The fitting means is
Means for finding an eye line connecting the left eye and the right eye in the three-dimensional surface data;
Means for finding a three-dimensional face symmetry line orthogonal to the line of sight;
Means for selecting data points to be applied to the face plane ;
An apparatus according to any of claims 1 to 4, comprising means for fitting the face plane to the data points to be fitted using the predetermined fitting algorithm.

The fitting means is
Means for fitting the face plane to the data points to be fitted using a least squares error fit;
Means for determining whether all errors between the face plane and the three-dimensional surface data are within a predetermined threshold;
Means for eliminating certain high error points from the three-dimensional surface in response to determining that all of the errors are not less than the predetermined threshold;
Means for repeatedly operating the fitting means, the determining means, and the erasing means until the determining means determines that all of the errors are less than the predetermined threshold. 5. The apparatus according to 5.

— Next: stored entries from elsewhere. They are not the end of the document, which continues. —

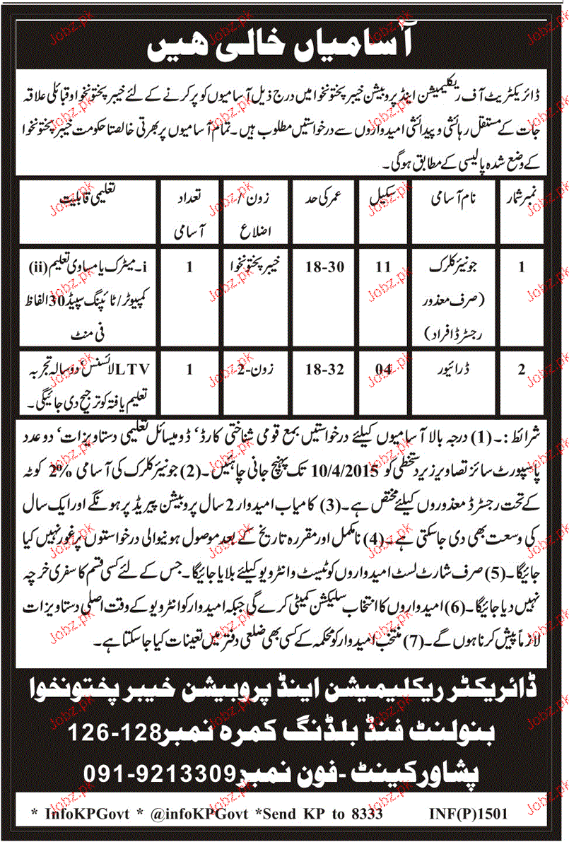 Latest Government Department Admin Clerical Posts Peshawar 2025
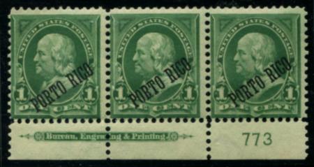 PR 210 bottom BEP imprint & plate No. 773 strip of three, mint, NH, F
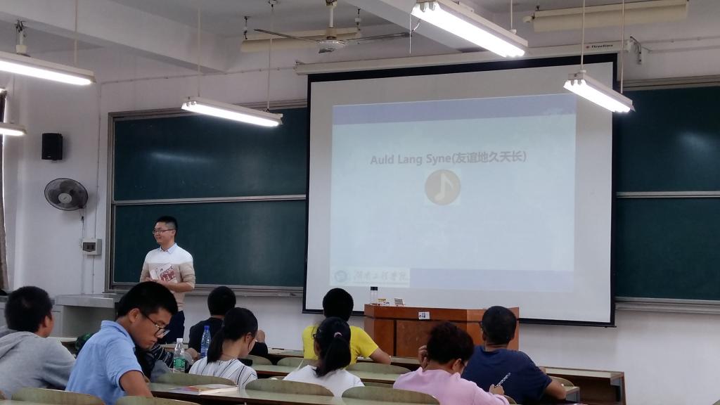 大学英语一教研室新进教师梁彪准备了一堂内容丰富的公开课,院长杨永和、副院长罗胜杰及部分教师前往观摩。
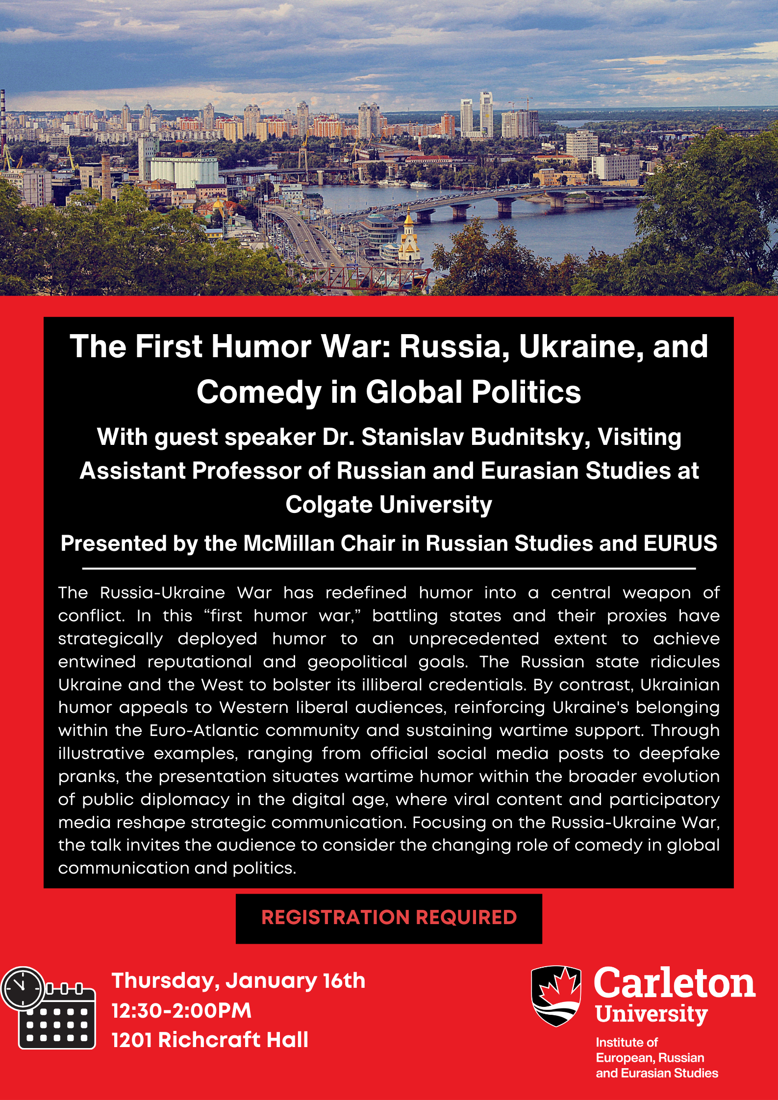 The event “The First Humor War: Russia, Ukraine, and Comedy in Global Politics”, with Dr. Stanislav Budnitsky, Visiting Assistant Professor of Russian and Eurasian Studies at Colgate University is sponsored by McMillan Chair in Russian Studies and SSHRC.
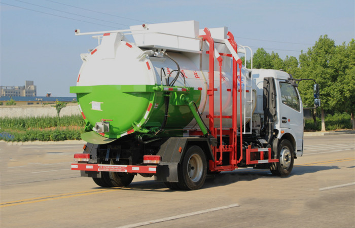 ★上裝配置:罐體采用 4mm 優(yōu)質(zhì)碳鋼制作,圓形罐體,罐體前后封頭采用圓弧蝶形封頭,配拉桿式提升機(jī),罐體底部配雙缸液壓舉升自卸,罐體尾門液壓打開和鎖緊+手動鎖緊裝置,罐內(nèi)設(shè)固液分離裝置,罐尾設(shè)液體自流閥,液位窗,后門液壓開啟,帶工具箱,洗手裝置。
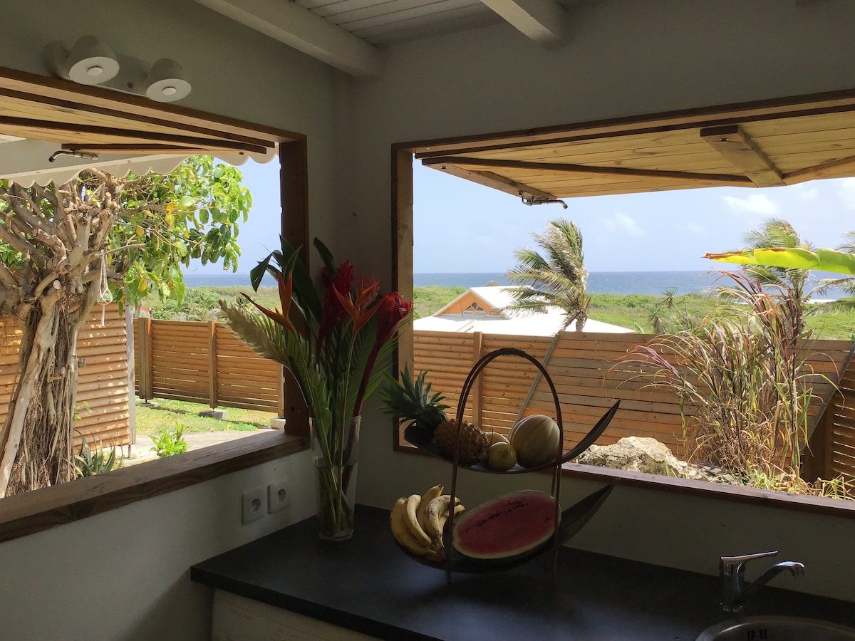 Fumana indawo yokuhlala ekhethekileyo noxolo enombono omhle woLwandle lweCaribbean Imizuzu nje eyi-4 uhamba ngeenyawo usuka elunxwemeni lwe-Anse des Rochers, istudiyo esinomoya otyhefayo esingu-25 m2 esine-terrace yokujonga ulwandle eyi-180 °: iholo yokungena, indawo yokulala enebhedi yeesentimitha eziyi-160, iTV eyi-42 ", igumbi leshawa elineWC, indawo yokuhlala enesofa, ikhitshi elinomatshini wokuhlamba iimpahla. Itanki lamanzi, iWiFi, izinto zebhedi, indawo yokupaka ekufutshane. Ibheji + ii-bracelets ezinikwa abantu abahamba ngeenyawo ukuya elunxwemeni lweDomaine de l 'Anse des Rochers
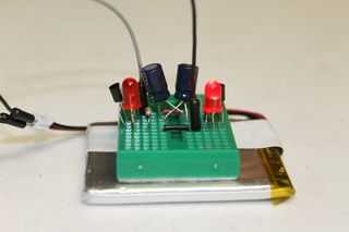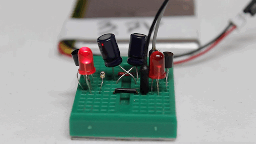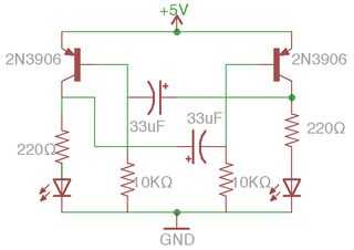 El circuito está formado por resistencias, condensadores y LEDs. Las resistencias de 10KΩ y los condensadores lo de mantener un ritmo constante, mientras que los transistores son responsables de encender el LED de encendido/apagado.
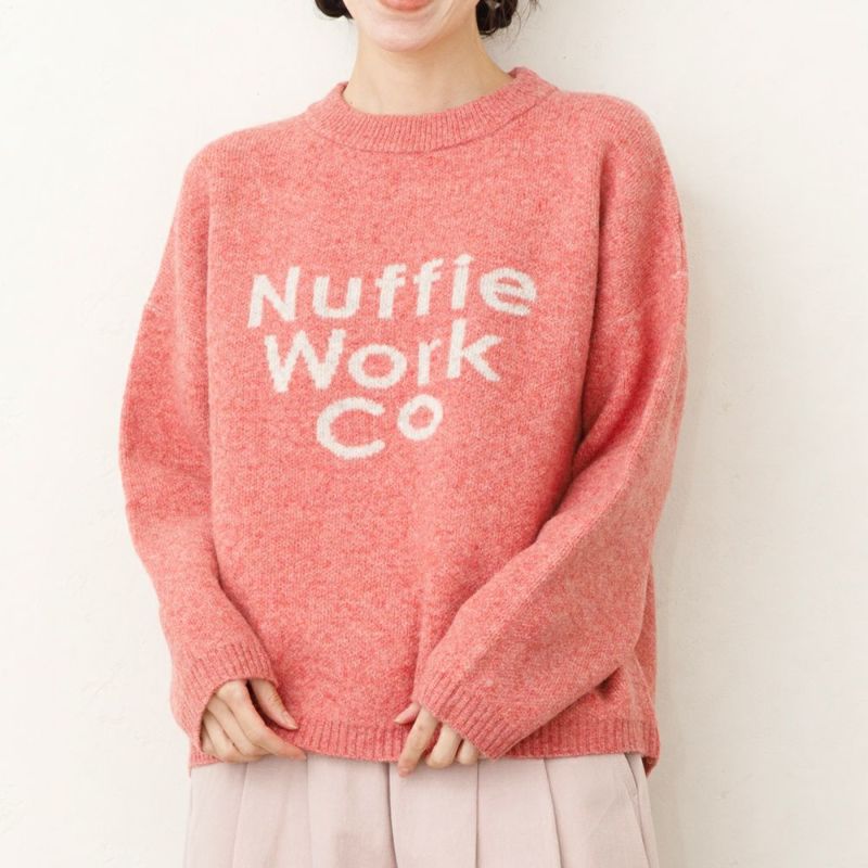 【2025秋冬セール】HIYORI(ひより) 14/-三者混ジャカードクルーネックロゴニット 赤
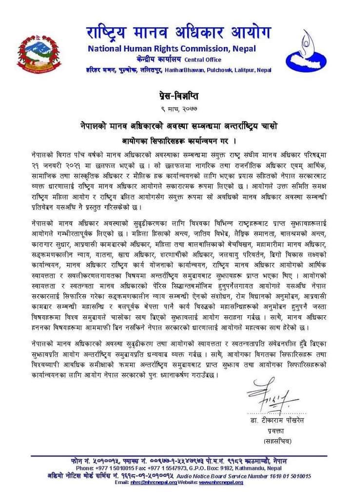 आयोगका प्रवक्ता डा. टिकाराम पोखरेलले शुक्रबार एक विज्ञप्ति जारी गर्दै विगतका सिफारिस तथा विश्वव्यापी आवधिक समीक्षाको क्रमममा अन्तराष्ट्रिय समुदायबाट प्राप्त सुझाव तथा अयाोगका सिफारिसहरुको कार्यान्वयनका लागि सरकारको ध्यानआकर्षण गराएका छन् ।
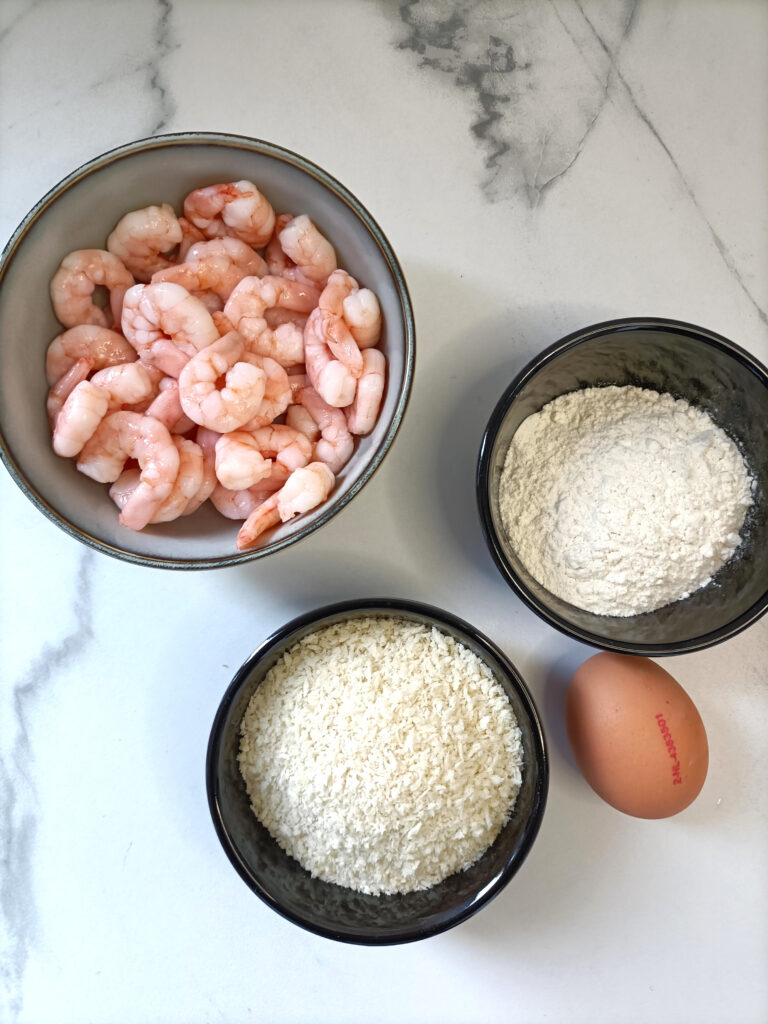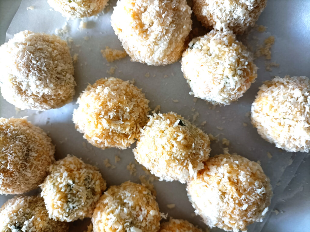 Klop het ei los. Maak twee schaaltjes; een met panko en de ander met het losgeklopte ei. Maak kleine balletjes van het afgekoelde garnalen mengsel.Rol de garnalenballetjes eerst door losgeklopt ei en daarna door paneermeel.
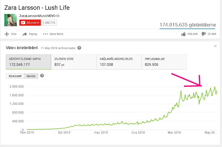 İşte ”Lush Life” klibinin son zamanlardaki gösterim grafiği;
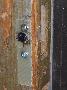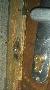 Pour le verrou du haut, j'avais de la place, j'ai donc utilisé un vieux poussoir "bouton reset" sur un PC HS. Sa course est suffisante pour que je puisse le placer dans le prolongement du pêne.

When run on a computer, the computer
A horopter range estimating means for estimating the size and horopter range of a human face on the basis of the calibration parameters and auxiliary Tadashisa image pairs of the scan Tereokamera,
Disparity estimation means for estimating a disparity value in the horopter range in the other image of the image pair for each pixel of the human face in one image of the image pair;
3D surface reconstruction means for reconstructing 3D surface data of the human face based on the corrected image pair, the disparity value, and the calibration parameters of the stereo camera;
Noise erasing means for erasing noise in the three-dimensional surface data by finding invalid data points having invalid disparity values and interpolating the invalid data points with adjacent data points;
A fitting means for fitting the face plane to the three-dimensional surface data using a predetermined fitting algorithm;
A computer program that functions as extraction means for extracting, as a three-dimensional human face, the three-dimensional surface data within a predetermined distance from the face plane.